# lighting for 120cm ada w/ overflow! (cube garden 120-P overflow)



## southpark (Oct 9, 2006)

so i picked up my new tank recently from adgshop.com (aquarium design group), it looks great!

much thanks to mike and jeff senske for supplying such a great aquarium to the south texas area! 

now on to my current conundrum:

lighting!

i've spent good money on the tank

i've built my own custom stand

but i'm not going to DIY the lighting this time since the fiance decreed that this tank has to look elegant since it will be in the living room of our new house and has approved spending moderate amounts of $$$ for a nice light.

the lights i've taken a long considering look at so far are the:

jebo odyssea 2x96 CF 2xMH: this is a "cheap" light, but really ugly with no hanging mount...

coralife 2x96CF 2x150MH: this is my current "i think this might be it" light (for my current plan of a planted tank) (hang mounted)

coralife 2x95CF 2x250MH: this is my "i kinda want this one though" light.. you know.. to guard against future projects needs or a potential marine application..

but i've had a hard time finding reviews or discussion of the 48" coralife aqualight pro lights.. i know mike/jeff use these in the store, but does anyone else have experience with these lights? or other lights that provide cf+mh lighting without being terribly ugly or unreliable??

would 2x250W MHs be "too much" light for a planted tank?! the ada 120 is 120x45x45 cm (approximately 47.75x17.25x17.25 inches) so its not a particularly deep tank..


----------



## ianmoede (Jan 17, 2005)

Go with the 48" Tek T-5, it blows everything else away, design, performance, everything.


----------



## eklikewhoa (Jul 24, 2006)

I would go with your last option cause MH looks freaking cool as it shimmers through the water!


----------



## dhavoc (Mar 17, 2006)

what is your budget? i agree with ianmoede, cant beat Tek T5's, MH puts out too much heat for my taste, and replacment bulbs are also an issue, though T5's are not the cheapest things either.


----------



## pepperonihead (Nov 25, 2004)

*My vote is with the Corolife MH with 96*

Watt Cfs. I like the look of Metel hallide and I like the way my plants grow with them. I have them on my 24 gallon aqua pod and I like them so much I am going to get the Coralife outer orbit with MH and T5 for my 72 gallon. You might look into the Coralife outer orbit.
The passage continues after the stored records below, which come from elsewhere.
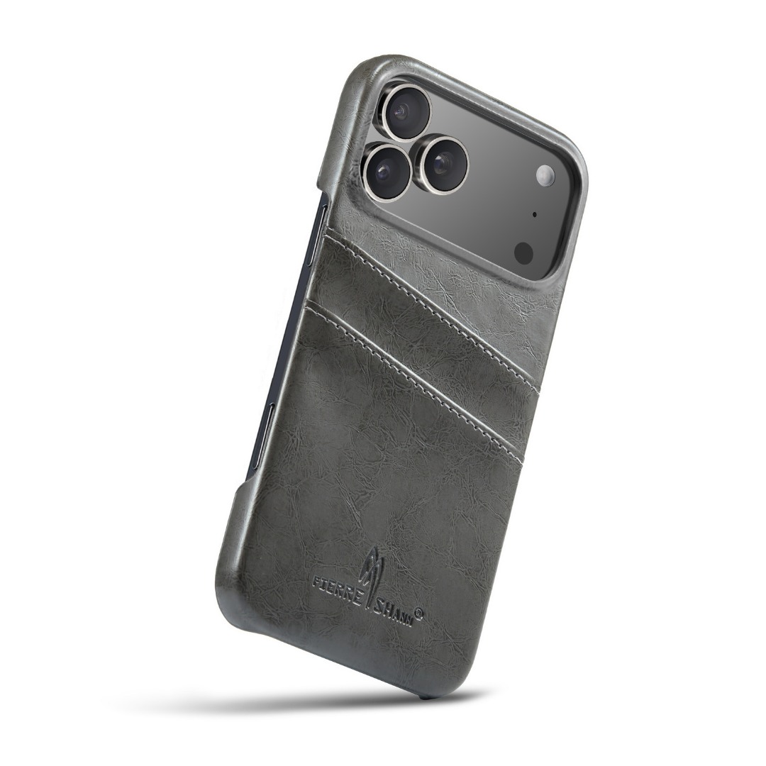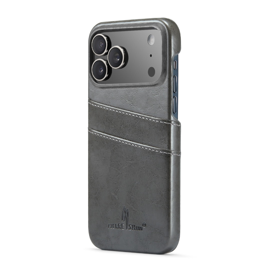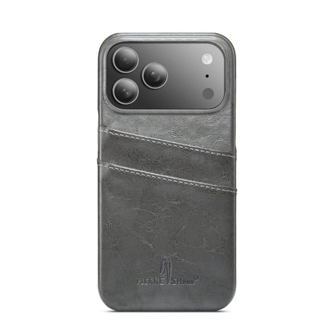 Husa pentru iPhone 17 Pro, slim back cover, din piele fina cu textura vintage, cu slot pentru carduri, design modern si practic, CaseMe, culoare Gri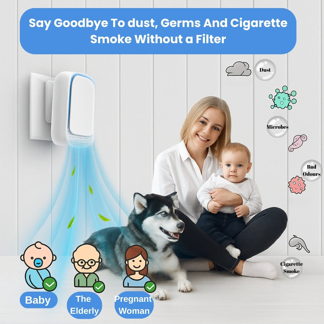 Beggie Ion operates almost completely silently, cleaning the air unnoticed for 24 hours. No filter changes, no maintenance costs — just plug it in and forget about it.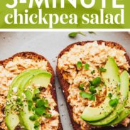 I needed a quick lunch idea and made this today for lunch! Really easy and yummy! I halved the recipe to 1 can of chickpeas so enough for 2 lunches. I served it over toasted english muffin with avocado and sprinkled everything bagel seasoning on top. Delicious!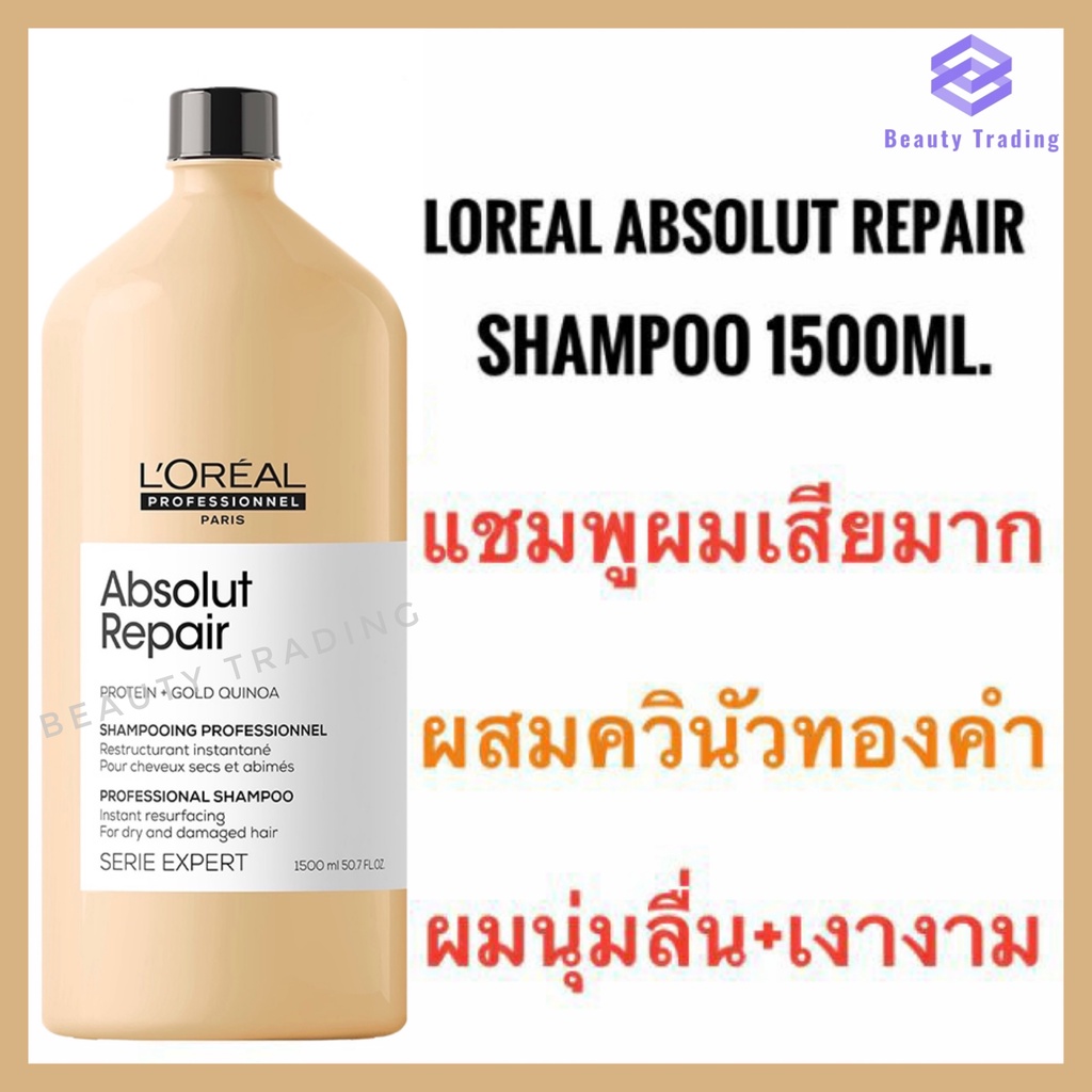 Loreal Absolute แถมหัวปั๊ม Loreal Absolute Repair Shampoo 1500 ml. ลอรีอัล แอ็บโซลูท รีแพร์ แชมพู แชมพู ผมแห้งเสียมาก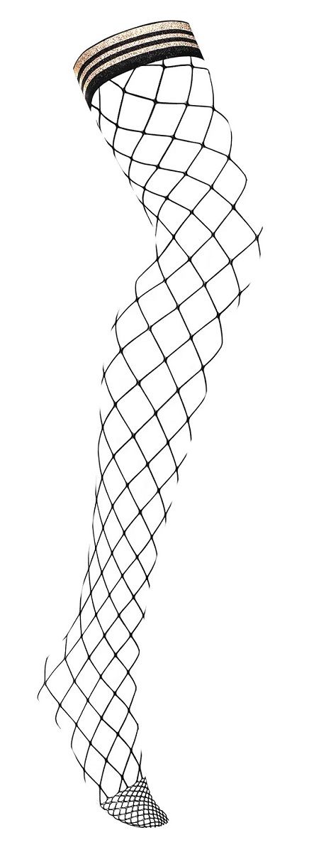Эти оригинальные чулочки с крупной ромбовидной сеткой созданы для тех, кто ценит дерзкий и притягательный стиль. Широкая резинка с двумя блестящими золотистыми полосами не только надежно фиксирует чулки на бедре, но и становится яркой деталью, привлекающей внимание. Модель предназначена для ношения без пояса, что обеспечивает максимальный комфорт и свободу движений.

It is a combo of MH an T5.


----------



## Melbourne (Sep 27, 2004)

If you like the Teklight - check out the Maristar its made by the same company and combines metal halide and T5. I have one and its great, much better unit than the Corallife Pro which I have also. Also the Maristar works great for reef applications since it uses the same reflector as the Reef Optix III one of the better HQI/DE reflectors.


----------